BUCKET BRIGADE PERFORMANCE: I. LONG SEQUENCES OF CLASSIFIERS

Rick L. Riolo
The University of Michigan

Abstract

In Holland-type classifier systems the bucket brigade algorithm allocates strength (“credit”) to classifiers that lead to rewards from environment. This paper presents results that show the bucket brigade algorithm basically works as designed—strength is passed down sequences of coupled classifiers from those classifiers that receive rewards directly from the environment to those that are stage setters. Results indicate it can take a fairly large number of trials for a classifier system to respond to changes in its environment by reallocating strength down competing sequences of classifiers that implement simple reflex and non-reflex behaviors. However, “bridging classifiers” are shown to dramatically decrease the number of times a long sequence must be executed in order reallocate strength to all the classifiers in the sequence. Bridging classifiers also were shown to be one way to avoid problems caused by sharing classifiers across competing sequences.
1 INTRODUCTION
Like all highly parallel, fine-grained, rule-based learning systems, classifier systems ([Holland, 1986a], [Burks, 1986], [Holland and Burks, 1987], [Holland, 1986b]) must solve the apportionment of credit problem. In short, the apportionment of credit problem is the problem of deciding, when many rules are active at every time step, which of those rules active at step t are necessary and sufficient for achieving some desired outcome at step t + n.

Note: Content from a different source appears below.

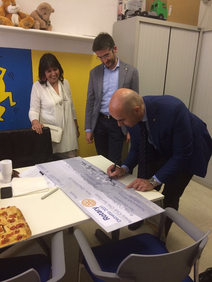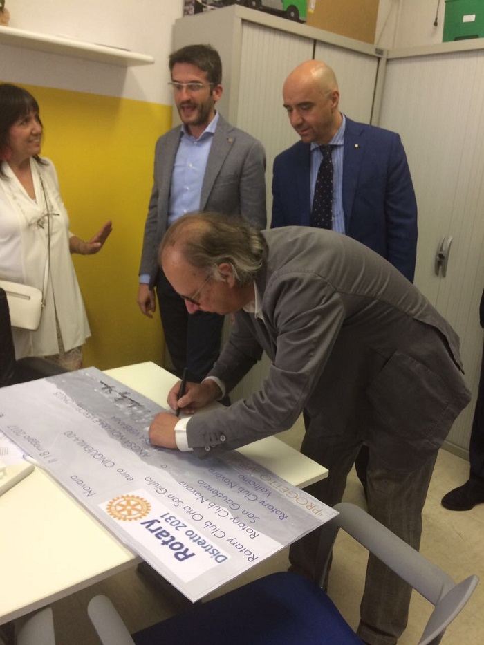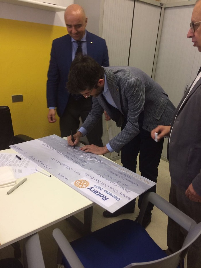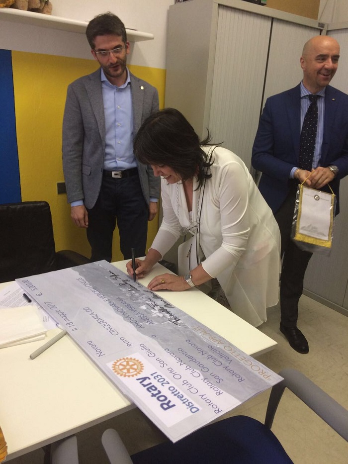 NOVARA- 20-05-2017- Lo scorso giovedì 18, nel pomeriggio, presso la sede Angsa, acronimo di Associazione nazionale genitori soggetti autistici, in corso Risorgimento 237, si è svolta la consegna di un assegno di 5 mila euro da parte di Rotary club Orta San Giulio, Novara San Gaudenzio e Novara Val Ticino. La somma servirà per sostenere parte dei costi delle terapie a bambini colpiti da autismo sia per organizzare corsi di formazione per gli operatori. Erano presenti alla consegna dell’assegno il presidente nazionale Benedetta Demartis, la responsabile per il Piemonte Priscila Pasino, i presidenti dei distretti Rotary Orta San Giulio, Riccardo Franchi, di Novara San Gaudenzio. Antonio Poggi Steffanina e Novara Val Ticino, Angelo Danieli.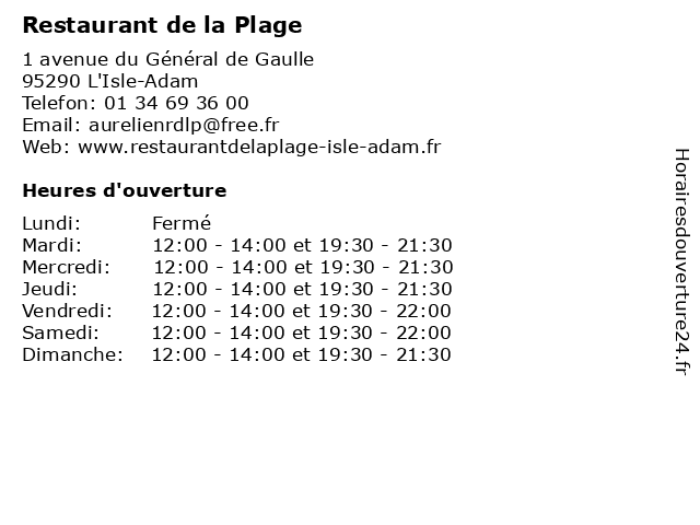 | Vendredi | 12:00-14:00 et 19:30-22:00 |

In terms of Samuel, who first recognized the problem in the context of his checker playing program [Samuel, 1959], the problem is how to know which of the many moves (or sequences of moves) made in the early parts of a game “set the stage” for a triple jump later in the game. The problem of apportioning credit is especially difficult in complex domains in which (a) information about what is a good result is provided only occassionally, perhaps after long sequences of actions, and (b) there are millions of possible states or state sequences, so that the system never sees the same exact sequence twice.

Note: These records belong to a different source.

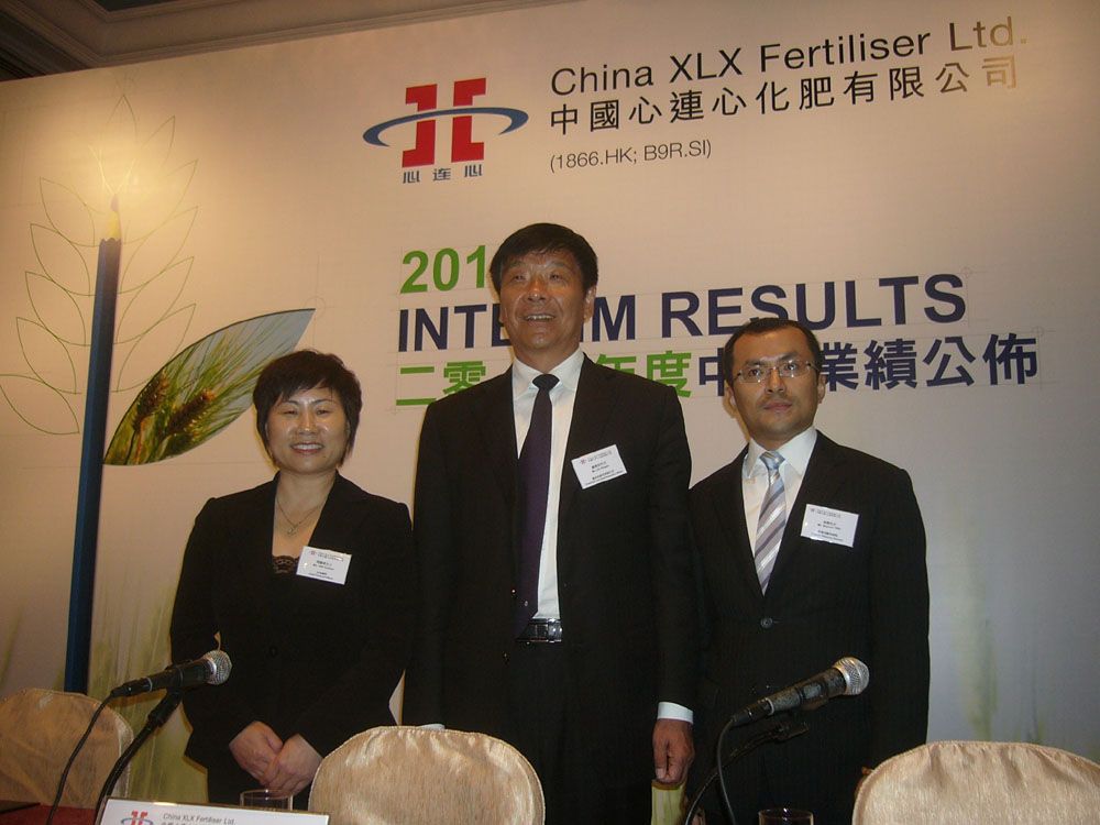 圖:左起:中國心連心化肥執行董事兼首席財務官閻蘊華、董事長兼首席執行官劉興旭、投資者關係總監姚傑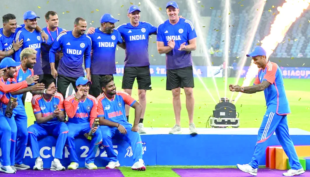 اس لیے یہاں میچ کے بعد ایوارڈز کی تقریب منعقد کی جائے گی۔تقریب کے اختتام اور نقوی کے جانے کے بعد، ہندوستانی ٹیم کے کھلاڑیوں نے تصویر لینے کے لیے ‘چیمپیئنز سائن بورڈ کو مختصراً باہر لایا لیکن پھر اسے ہٹا دیا۔ کھلاڑی اسٹیج پر بیٹھ گئے، کیمروں کے لیے پوز کیا اور پھر اس پر چڑھ گئے۔ مسکراتے ہوئے، سوریہ کمار نے ایک خیالی ٹرافی اٹھانے کا ڈرامہ کیا جبکہ ان کے ساتھی ساتھی اس کے ارد گرد تالیاں بجا رہے تھے۔میچ کے بعد پریس کانفرنس میں سوریہ کمار نے کہا کہ ہندوستان شاندار کارکردگی کے بعد ٹرافی جیتنے کا حقدار ہے۔ سوریہ کمار نے کہا جب سے میں نے کرکٹ کھیلنا اور دیکھنا شروع کیا ہے، میں نے کبھی کسی چیمپئن ٹیم کو ٹرافی سے انکار کرتے نہیں دیکھا۔ ہم نے اسے جیتنے کے لیے سخت محنت کی۔ ہم 4 ستمبر سے یہاں آئے ہیں، لگاتار دو اچھے میچ کھیل رہے ہیں۔ مجھے لگتا ہے کہ ہم اس کے مستحق تھے۔ میں اس سے زیادہ نہیں کہہ سکتا۔ مجھے لگتا ہے کہ میں نے اس کا اظہار بہت اچھے طریقے سے کیا ہے، میں اس سے زیادہ کچھ نہیں کہہ سکتا۔”ہندسوتان کی پانچ وکٹوں سے جیت کے فوراً بعد، بورڈ آف کنٹرول فار کرکٹ ان انڈیا (BCCI) نے بھی کھلاڑیوں اور معاون عملے کے لیے 21 کروڑ روپے کے انعامات کا اعلان کیا۔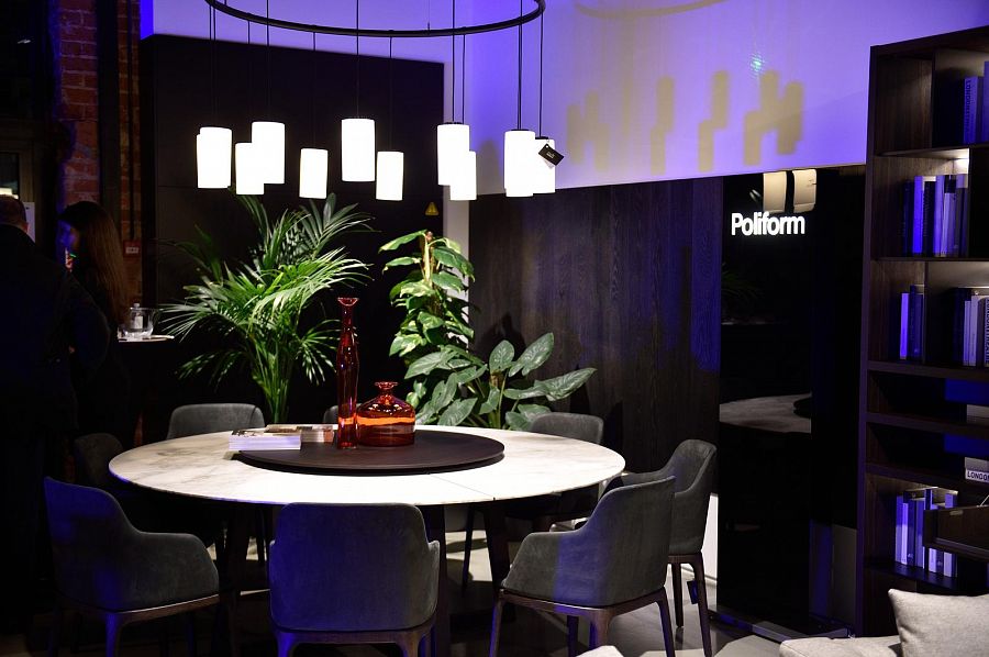В этот день в пространстве дизайна царила творческая атмосфера, созданная талантом Жан-Мари Массо. Великий мэтр дизайна, которому Poliform обязан последними громкими новинками и бестселлерами, целиком преобразил интерьер, наполнив его цветом, функциональными и стилистическими находками.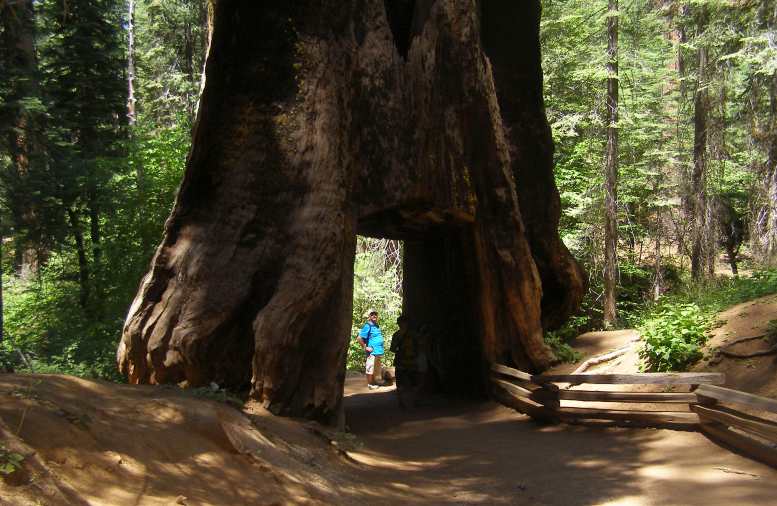 Cut through. In the days of stage coaches someone thought it a good idea to allow them to pass through this huge beauty.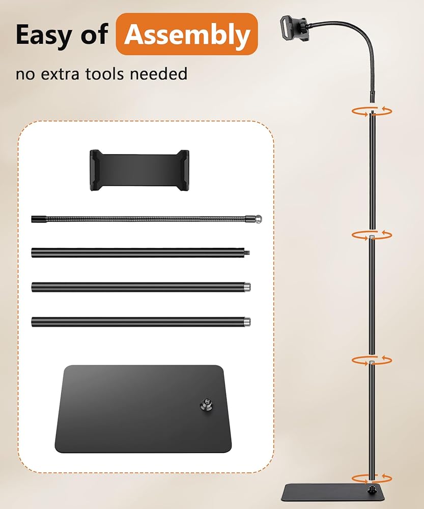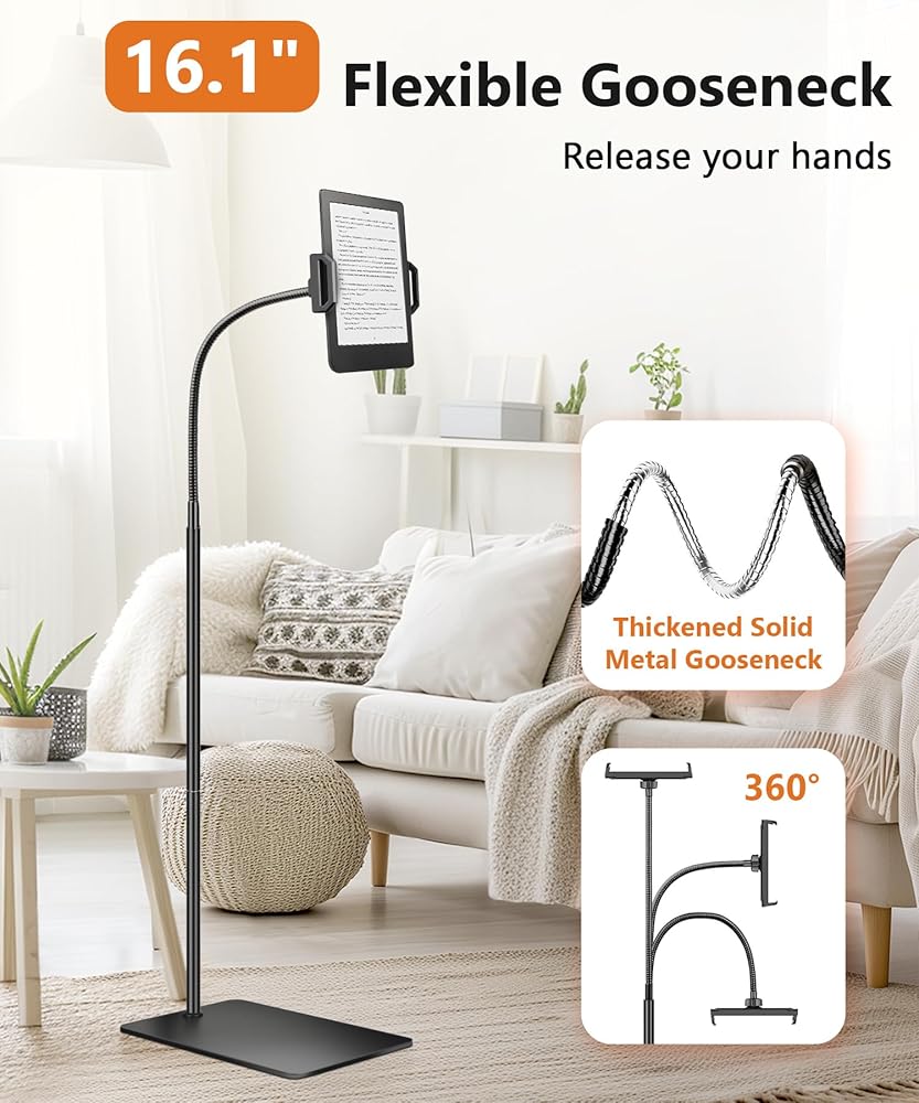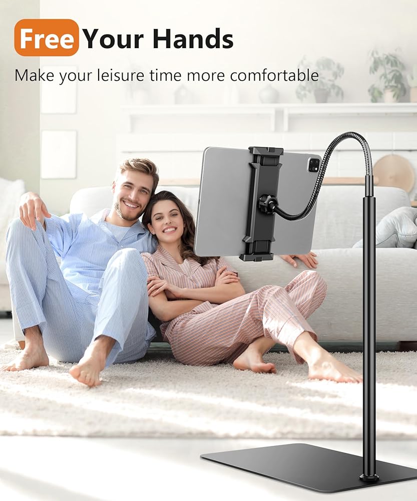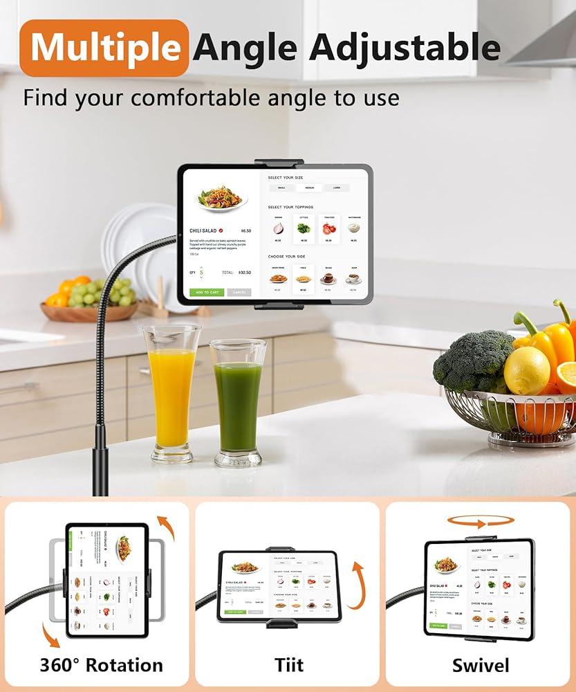 MULTI-ANGLE ROTATABLE iPAD STAND: This tablet floor stand with a 16.1 inch flexible gooseneck arm that can be bent in any directions. The universal ball on the holder mount with 360°swivel head can meet the needs of multi-angle adjustments.

In classifier systems using the bucket brigade algorithm [Holland,1985], credit is allocated in the form of a value, strength, associated with each classifier. The strength assigned to a classifier is important for two reasons:
  1. Strength determines in part what classifiers will be active at a given time step, and so controls the short term behavior of the system.

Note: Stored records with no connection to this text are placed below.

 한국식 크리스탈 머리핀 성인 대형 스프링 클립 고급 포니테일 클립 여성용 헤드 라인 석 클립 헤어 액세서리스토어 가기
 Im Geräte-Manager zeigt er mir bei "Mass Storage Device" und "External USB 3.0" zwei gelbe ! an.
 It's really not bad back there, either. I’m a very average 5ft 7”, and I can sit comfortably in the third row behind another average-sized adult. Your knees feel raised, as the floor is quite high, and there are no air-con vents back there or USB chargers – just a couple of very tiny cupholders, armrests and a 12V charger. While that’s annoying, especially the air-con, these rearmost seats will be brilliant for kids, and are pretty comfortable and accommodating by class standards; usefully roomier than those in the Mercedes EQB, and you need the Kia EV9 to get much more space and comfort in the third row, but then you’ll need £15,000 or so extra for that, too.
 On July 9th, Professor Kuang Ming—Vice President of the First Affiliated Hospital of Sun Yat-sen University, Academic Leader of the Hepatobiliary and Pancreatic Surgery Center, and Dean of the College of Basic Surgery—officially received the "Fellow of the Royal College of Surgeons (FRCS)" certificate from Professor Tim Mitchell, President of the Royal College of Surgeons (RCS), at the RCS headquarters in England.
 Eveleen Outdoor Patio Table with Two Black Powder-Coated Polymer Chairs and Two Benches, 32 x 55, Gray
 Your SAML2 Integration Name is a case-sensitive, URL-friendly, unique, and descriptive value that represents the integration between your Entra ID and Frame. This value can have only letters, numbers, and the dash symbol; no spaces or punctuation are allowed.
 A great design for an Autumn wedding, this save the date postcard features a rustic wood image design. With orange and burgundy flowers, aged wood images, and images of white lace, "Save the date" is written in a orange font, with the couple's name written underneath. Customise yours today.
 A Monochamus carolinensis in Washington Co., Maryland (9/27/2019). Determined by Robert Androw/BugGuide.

  2. Strength is used by rule discovery algorithms to guide the creation and deletion of classifiers, thereby influencing the longer term learning behavior of the system.
Thus for classifier systems both to perform well and to learn, strength must be allocated properly and expeditiously by the bucket brigade algorithm.
Basically the bucket brigade algorithm acts in two ways:
  1. It adjusts the strength of those classifiers that are active when a payoff is received from the environment. Each classifier’s strength is changed a little at a time until it is proportional to the average of the payoffs the system receives when that classifier is active.
  2. It redistributes strength from each active classifier to classifiers that posted messages that activated it. Each classifier’s strength is modified a little at a time until it is proportional to the strength of the classifier(s) it activates.
Over time the bucket brigade algorithm reallocates strength from classifiers that directly lead to payoffs from the environment to those classifiers that indirectly lead to payoff, i.e., to classifiers that post messages that “set the stage” for those classifiers directly responsible for receiving payoffs.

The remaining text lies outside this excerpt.